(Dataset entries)
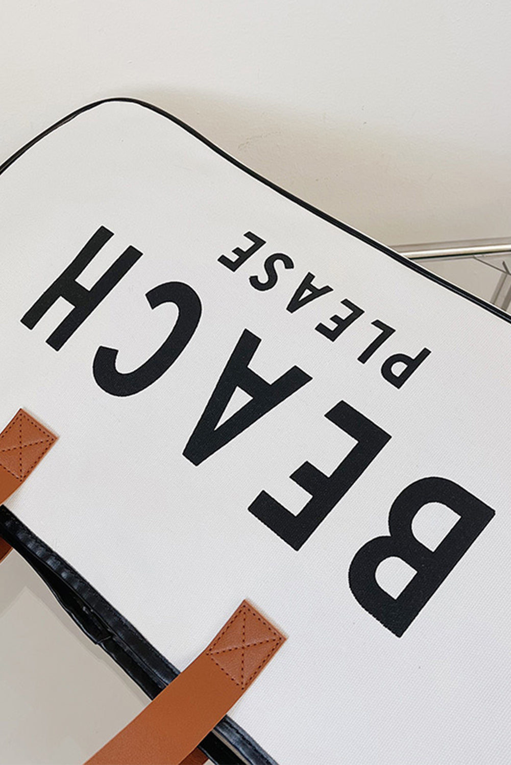 White BEACH PLEASE Print Large Canvas Tote Bag | Shoes & Bags/Handbags
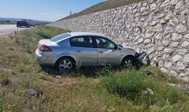 Çorum'un Alaca ilçesinde yoldan çıkan otomobilin istinat duvarına çarpması neticesinde meydana gelen kazada 2 kişi yaralandı.
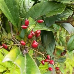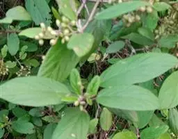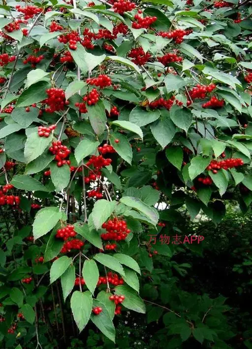 灌木或小乔木,高2~5m。幼枝紫褐色。叶对生,卵形、卵状长圆形或近菱形,长4~13cm。边缘有浅波状齿;叶柄长0.8~2.5cm。花序聚伞状复伞形;萼筒长约1.5mm,萼檐具5微齿;花冠白色,长约3mm,辐状。核果近球形,直径6~7mm,熟时红色,核扁,背具2、腹具1浅槽。
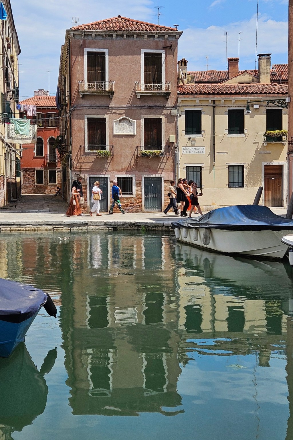Esta foto capta precisamente ese momento: la tranquilidad de un canal de aguas verdes, salpicado por el reflejo casi perfecto de las fachadas venecianas y pequeñas embarcaciones que descansan flotando tranquilamente.
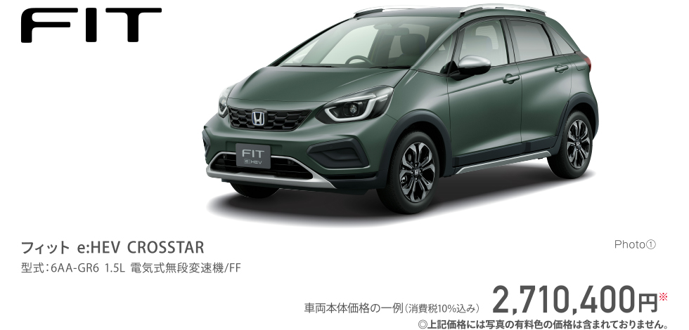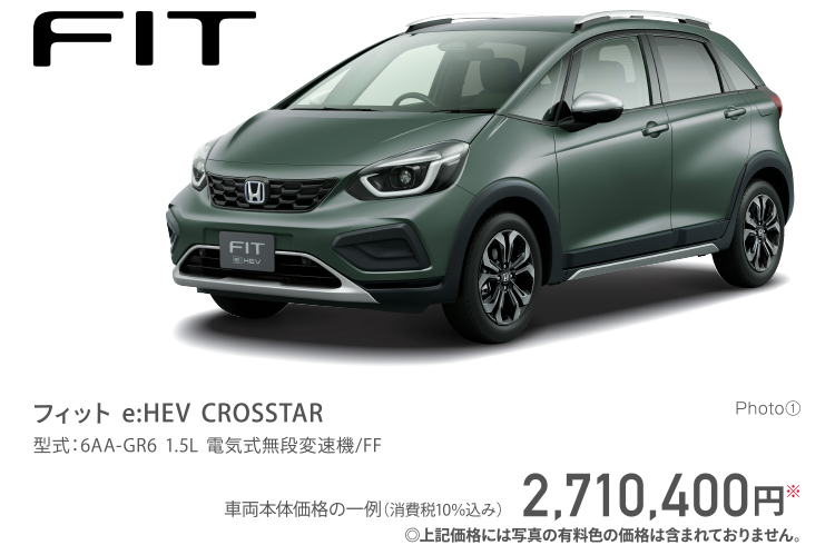 フィット Photo①:フィット e:HEV CROSSTAR(FF) ボディーカラーはボタニカルグリーン・パール(有料色:33,000円高)

__EXERCISE__
Quote, without alteration, the lines running from the line containing "Çorum'un Alaca ilçesinde" to the last line of the entries, and include no pictures.

__WRITTEN SOLUTION__
 Çorum'un Alaca ilçesinde yoldan çıkan otomobilin istinat duvarına çarpması neticesinde meydana gelen kazada 2 kişi yaralandı.
 灌木或小乔木,高2~5m。幼枝紫褐色。叶对生,卵形、卵状长圆形或近菱形,长4~13cm。边缘有浅波状齿;叶柄长0.8~2.5cm。花序聚伞状复伞形;萼筒长约1.5mm,萼檐具5微齿;花冠白色,长约3mm,辐状。核果近球形,直径6~7mm,熟时红色,核扁,背具2、腹具1浅槽。
Esta foto capta precisamente ese momento: la tranquilidad de un canal de aguas verdes, salpicado por el reflejo casi perfecto de las fachadas venecianas y pequeñas embarcaciones que descansan flotando tranquilamente.
 フィット Photo①:フィット e:HEV CROSSTAR(FF) ボディーカラーはボタニカルグリーン・パール(有料色:33,000円高)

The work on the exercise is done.